The letter asks leaders in the House of Representative and Senate asks Congress “to pass appropriately-tailored legislation to ensure that sexual harassment victims have a right to their day in court.”
It has been a decade since all 56 U.S. Attorneys General jointly petitioned Congress.
The issue at hand: employees are often required to sign contracts stipulating that sexual harassment claims be settled in private courts.
“We seek to ensure these victims’ access to the courts, so that they may pursue justice and obtain appropriate relief free from the impediment of arbitration requirements,” the letter says. “Access to the judicial system, whether federal or state, is a fundamental right of all Americans. That right should extend fully to persons who have been subjected to sexual harassment in the workplace.”

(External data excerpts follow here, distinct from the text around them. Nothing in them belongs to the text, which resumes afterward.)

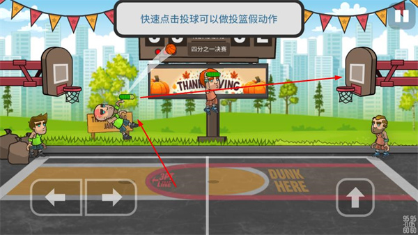 2、對(duì)戰(zhàn)中按提示快速點(diǎn)擊投球,完成投籃假動(dòng)作,干擾對(duì)手并推進(jìn)得分進(jìn)程。
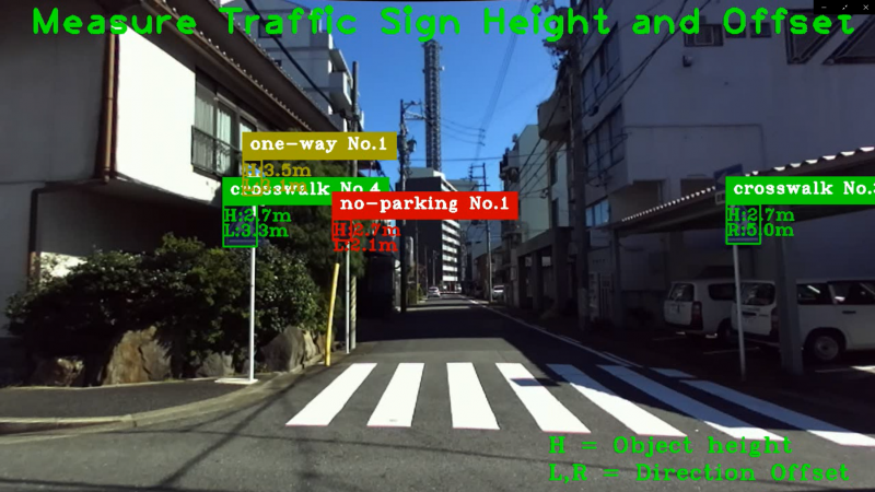 そこで、SfMとディープラーニングの物体検出技術を組み合わせて、車両に搭載したステレオカメラ映像から道路付属物を検出・追跡しつつ、3次元距離計測して付属物の高さと走行中心位置からのオフセットを計測します。物体検出が苦手としているフレームを跨いだ物体の特定は、トラッキング技術を活用します。
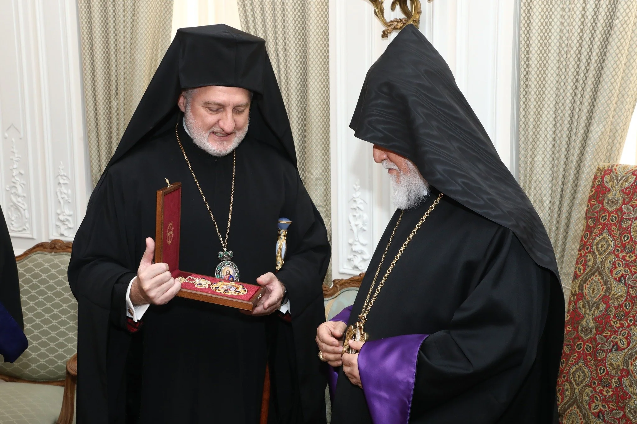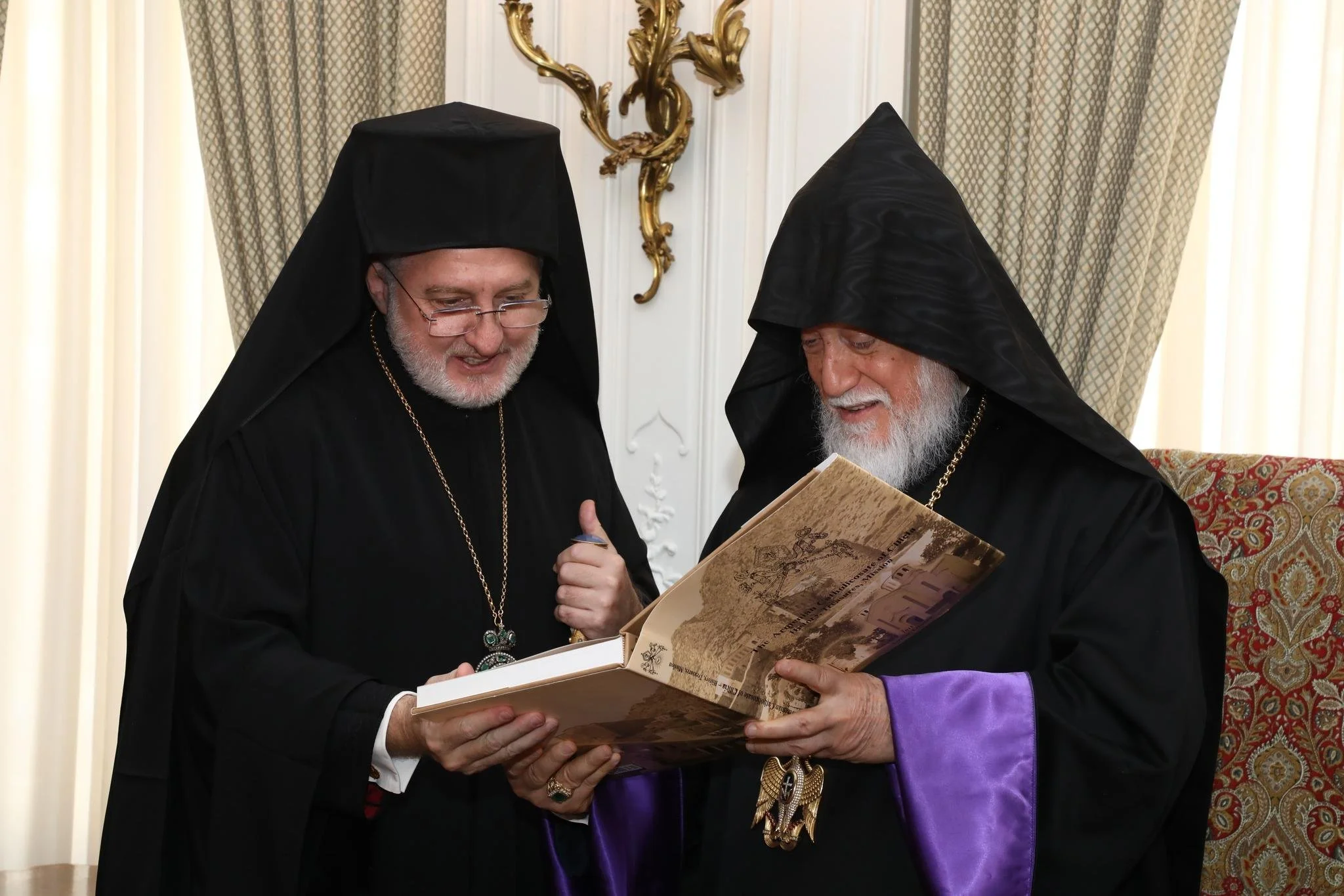 In turn, His Holiness Catholicos Aram I expressed his joy at visiting the Greek Orthodox Archdiocese for the second time, approximately 25 years later. His Holiness reflected on the historical relationship between the Armenian and Greek churches and emphasized two crucial aspects: the historical ecumenical relations between the two churches and the theological dialogue among the orthodox churches. These aspects, he noted, carry on the legacy of collaboration from the past. Concluding his speech, His Holiness presented the archbishop with the official catalog of the Catholicosate of Cilicia.
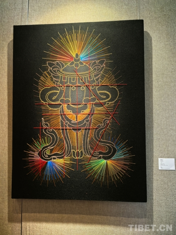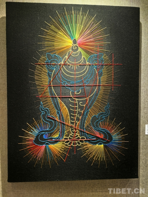 索喃次仁的作品慣以手工羊絨布為面,彩色羊毛線為語言,呈現(xiàn)標志性的“彩虹”元素?!埃ㄎ鞑兀﹤鹘y(tǒng)的藝術(shù)是有一定標準的,而當(dāng)代藝術(shù)是可以無界的,包括材質(zhì)、材料都可以有所創(chuàng)新,是表達個人情感和生活的一種藝術(shù)形式。我常常問自己,能不能突破傳統(tǒng)?可不可以做一些比較新的東西?像我現(xiàn)在創(chuàng)作選擇用羊絨布,就是我的一種情感表達,因為(它)與我的家鄉(xiāng)有深切關(guān)系?!彼鬣稳式忉尩?/span>:“比如說這一幅作品,佛像外呈現(xiàn)出一種彩虹的狀態(tài)。因為彩虹本身是一個無常的現(xiàn)象,而我之前學(xué)過唐卡佛像,所以把佛像和彩虹理念結(jié)合了,這既是一種傳承,也是突破。”

These arbitration requirements often are set forth in clauses found within the “fine print” of lengthy employment contracts. Moreover, the AGs say, these clauses typically are presented in boilerplate “take-it-or-leave-it” fashion by the employers.
“As a consequence, many employees will not even recognize that they are bound by arbitration clauses until they have been sexually harassed and attempt to bring suit,” they wrote. “While there may be benefits to arbitration provisions in other contexts, they do not extend to sexual harassment claims. Victims of such serious misconduct should not be constrained to pursue relief from decision makers who are not trained as judges, are not qualified to act as courts of law, and are not positioned to ensure that such victims are accorded both procedural and substantive due process.”
Additional concerns arise from the secrecy requirements of arbitration clauses, “which disserve the public interest by keeping both the harassment complaints and any settlements confidential,” the letter says.
“This veil of secrecy may then prevent other persons similarly situated from learning of the harassment claims so that they, too, might pursue relief,” it adds.
“Ending mandatory arbitration of sexual harassment claims would help to put a stop to the culture of silence that protects perpetrators at the cost of their victims.
The letter “applauds” Microsoft Corporation for recently announcing that it will discontinue arbitration requirements with respect to sexual harassment claims and for supporting legislation to ensure that victims of sexual harassment be accorded the right of access to our judicial system.